ASSIGNMENT –
Return a copy of every line in the records that includes the word "with".

DATA PROVIDED –
=====

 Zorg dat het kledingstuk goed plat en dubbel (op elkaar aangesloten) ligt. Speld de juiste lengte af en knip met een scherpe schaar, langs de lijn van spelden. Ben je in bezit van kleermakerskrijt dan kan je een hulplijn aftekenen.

=====

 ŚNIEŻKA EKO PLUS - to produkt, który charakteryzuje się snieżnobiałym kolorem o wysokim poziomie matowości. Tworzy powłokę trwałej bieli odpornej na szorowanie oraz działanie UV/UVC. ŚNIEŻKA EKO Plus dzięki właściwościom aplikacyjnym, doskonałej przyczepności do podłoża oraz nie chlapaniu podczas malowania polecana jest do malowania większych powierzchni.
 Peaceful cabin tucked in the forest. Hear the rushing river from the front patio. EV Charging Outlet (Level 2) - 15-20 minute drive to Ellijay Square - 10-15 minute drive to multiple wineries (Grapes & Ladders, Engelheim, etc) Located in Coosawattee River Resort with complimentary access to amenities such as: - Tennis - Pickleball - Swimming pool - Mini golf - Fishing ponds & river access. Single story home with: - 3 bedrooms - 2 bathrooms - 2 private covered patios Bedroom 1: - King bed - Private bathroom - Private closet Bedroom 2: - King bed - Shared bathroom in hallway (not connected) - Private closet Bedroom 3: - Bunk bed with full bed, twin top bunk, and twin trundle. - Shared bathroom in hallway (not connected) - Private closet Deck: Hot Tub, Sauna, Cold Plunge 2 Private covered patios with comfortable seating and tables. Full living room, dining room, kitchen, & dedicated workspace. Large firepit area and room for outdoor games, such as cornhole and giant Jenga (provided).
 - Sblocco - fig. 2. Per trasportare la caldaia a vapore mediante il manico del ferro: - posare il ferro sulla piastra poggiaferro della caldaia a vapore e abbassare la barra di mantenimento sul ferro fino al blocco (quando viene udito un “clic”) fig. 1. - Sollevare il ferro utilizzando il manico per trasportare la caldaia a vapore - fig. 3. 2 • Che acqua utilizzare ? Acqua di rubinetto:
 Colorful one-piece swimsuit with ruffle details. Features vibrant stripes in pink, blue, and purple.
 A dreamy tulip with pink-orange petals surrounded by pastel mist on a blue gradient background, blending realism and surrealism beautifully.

=====

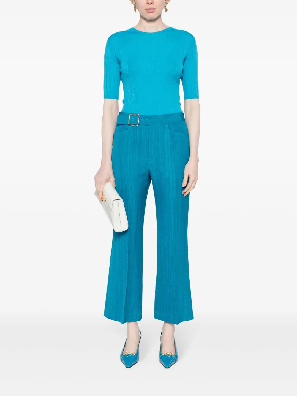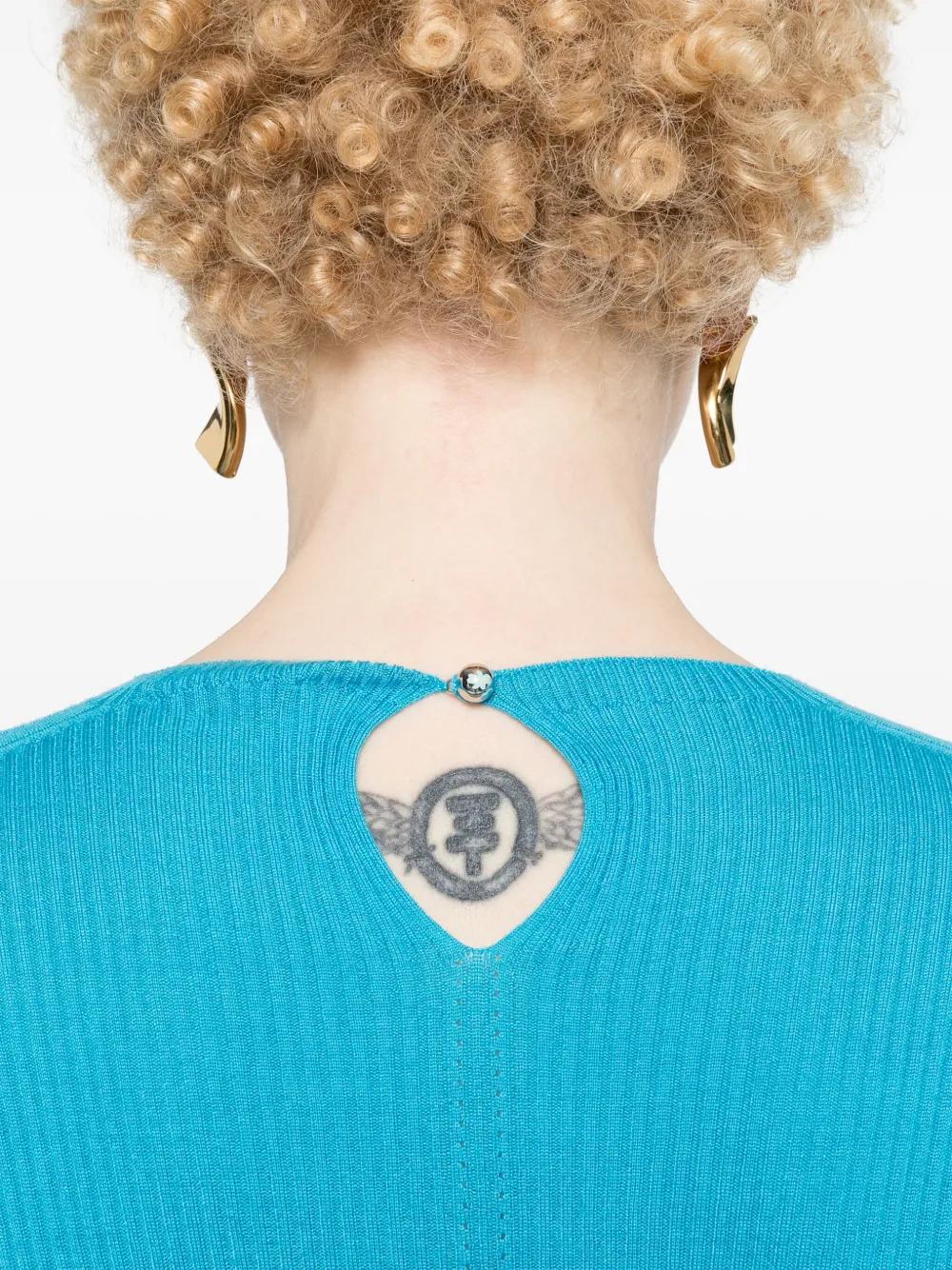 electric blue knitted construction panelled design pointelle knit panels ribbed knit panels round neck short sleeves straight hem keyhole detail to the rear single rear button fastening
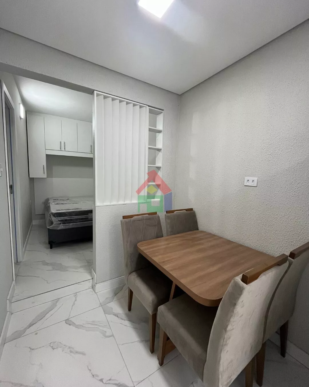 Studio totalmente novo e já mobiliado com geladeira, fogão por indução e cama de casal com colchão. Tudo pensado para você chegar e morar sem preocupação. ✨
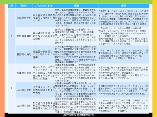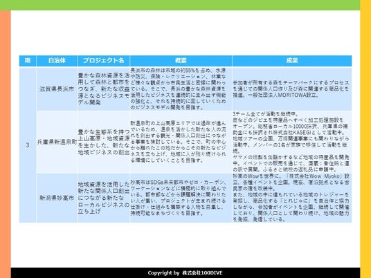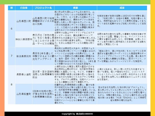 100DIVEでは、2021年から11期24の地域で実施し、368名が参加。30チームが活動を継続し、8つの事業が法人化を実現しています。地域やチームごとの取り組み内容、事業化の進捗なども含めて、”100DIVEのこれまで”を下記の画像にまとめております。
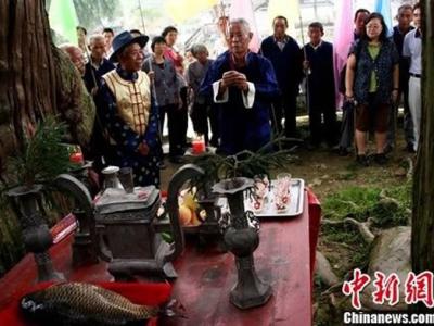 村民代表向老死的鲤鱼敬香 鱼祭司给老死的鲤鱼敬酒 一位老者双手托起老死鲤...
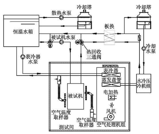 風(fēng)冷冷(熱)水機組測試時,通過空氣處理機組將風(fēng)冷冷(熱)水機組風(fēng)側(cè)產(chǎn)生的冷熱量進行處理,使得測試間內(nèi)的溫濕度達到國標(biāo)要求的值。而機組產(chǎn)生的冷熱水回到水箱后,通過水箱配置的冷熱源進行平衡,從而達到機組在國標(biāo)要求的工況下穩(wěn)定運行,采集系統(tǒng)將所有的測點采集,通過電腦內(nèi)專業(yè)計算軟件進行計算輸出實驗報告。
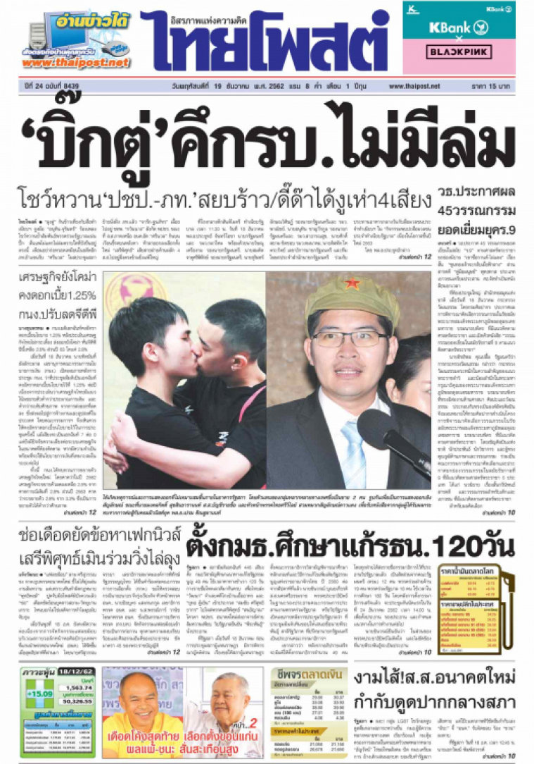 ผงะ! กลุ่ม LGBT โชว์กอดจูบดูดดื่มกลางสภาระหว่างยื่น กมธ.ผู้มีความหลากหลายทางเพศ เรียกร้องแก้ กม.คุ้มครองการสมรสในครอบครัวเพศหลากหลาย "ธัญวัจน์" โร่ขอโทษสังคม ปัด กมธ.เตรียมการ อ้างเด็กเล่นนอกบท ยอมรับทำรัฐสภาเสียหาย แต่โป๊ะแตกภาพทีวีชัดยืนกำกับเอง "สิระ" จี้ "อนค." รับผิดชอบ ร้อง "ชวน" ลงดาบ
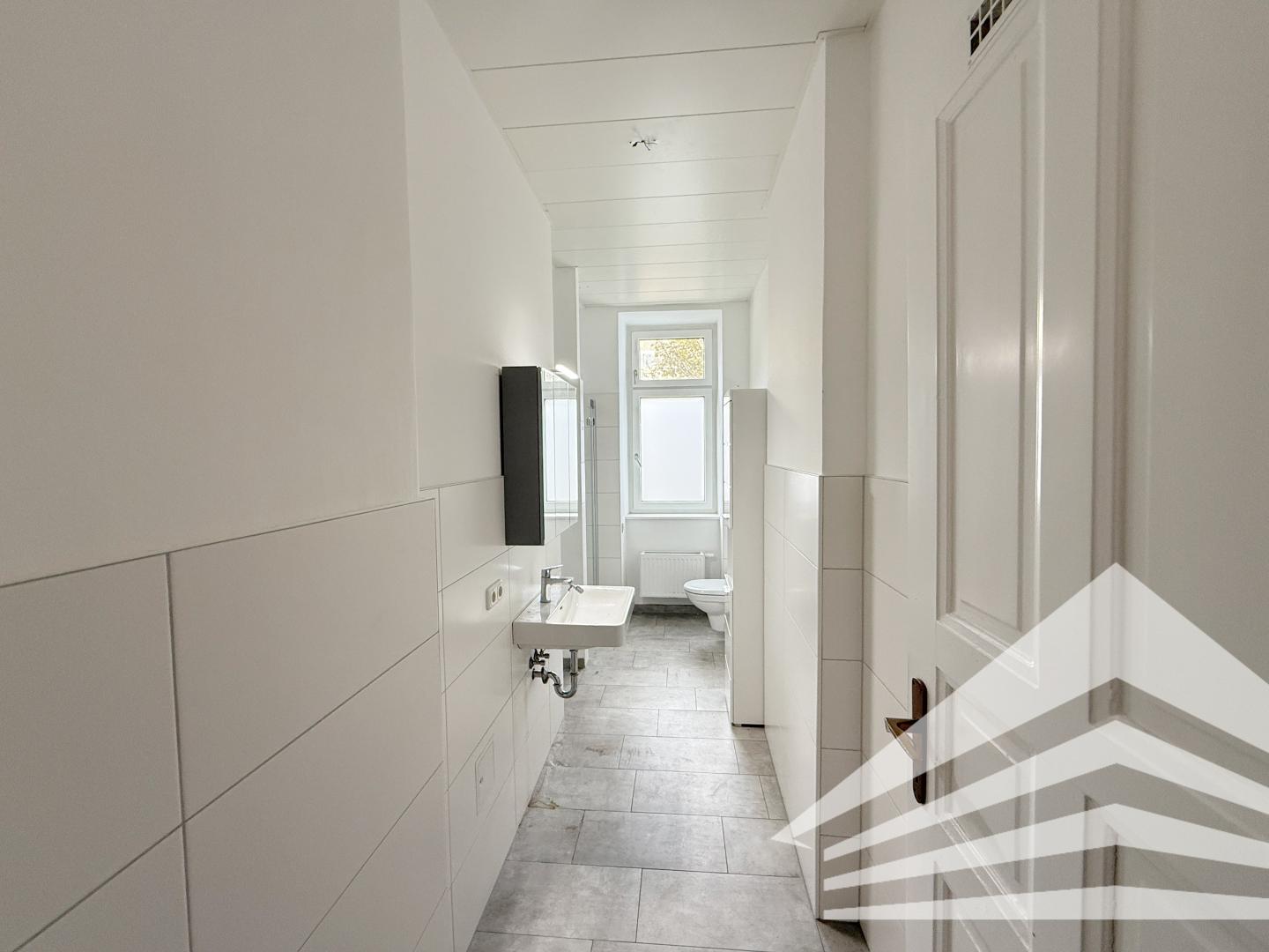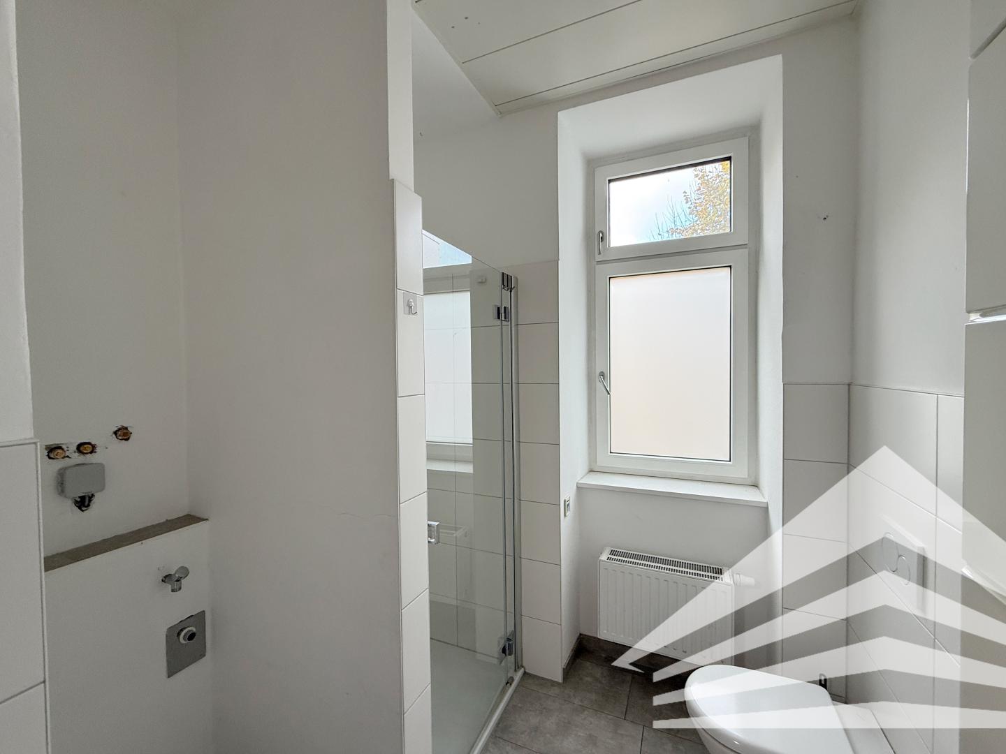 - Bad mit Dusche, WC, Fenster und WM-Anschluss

=====

EXERCISE OUTPUT –
 Peaceful cabin tucked in the forest. Hear the rushing river from the front patio. EV Charging Outlet (Level 2) - 15-20 minute drive to Ellijay Square - 10-15 minute drive to multiple wineries (Grapes & Ladders, Engelheim, etc) Located in Coosawattee River Resort with complimentary access to amenities such as: - Tennis - Pickleball - Swimming pool - Mini golf - Fishing ponds & river access. Single story home with: - 3 bedrooms - 2 bathrooms - 2 private covered patios Bedroom 1: - King bed - Private bathroom - Private closet Bedroom 2: - King bed - Shared bathroom in hallway (not connected) - Private closet Bedroom 3: - Bunk bed with full bed, twin top bunk, and twin trundle. - Shared bathroom in hallway (not connected) - Private closet Deck: Hot Tub, Sauna, Cold Plunge 2 Private covered patios with comfortable seating and tables. Full living room, dining room, kitchen, & dedicated workspace. Large firepit area and room for outdoor games, such as cornhole and giant Jenga (provided).
 Colorful one-piece swimsuit with ruffle details. Features vibrant stripes in pink, blue, and purple.
 A dreamy tulip with pink-orange petals surrounded by pastel mist on a blue gradient background, blending realism and surrealism beautifully.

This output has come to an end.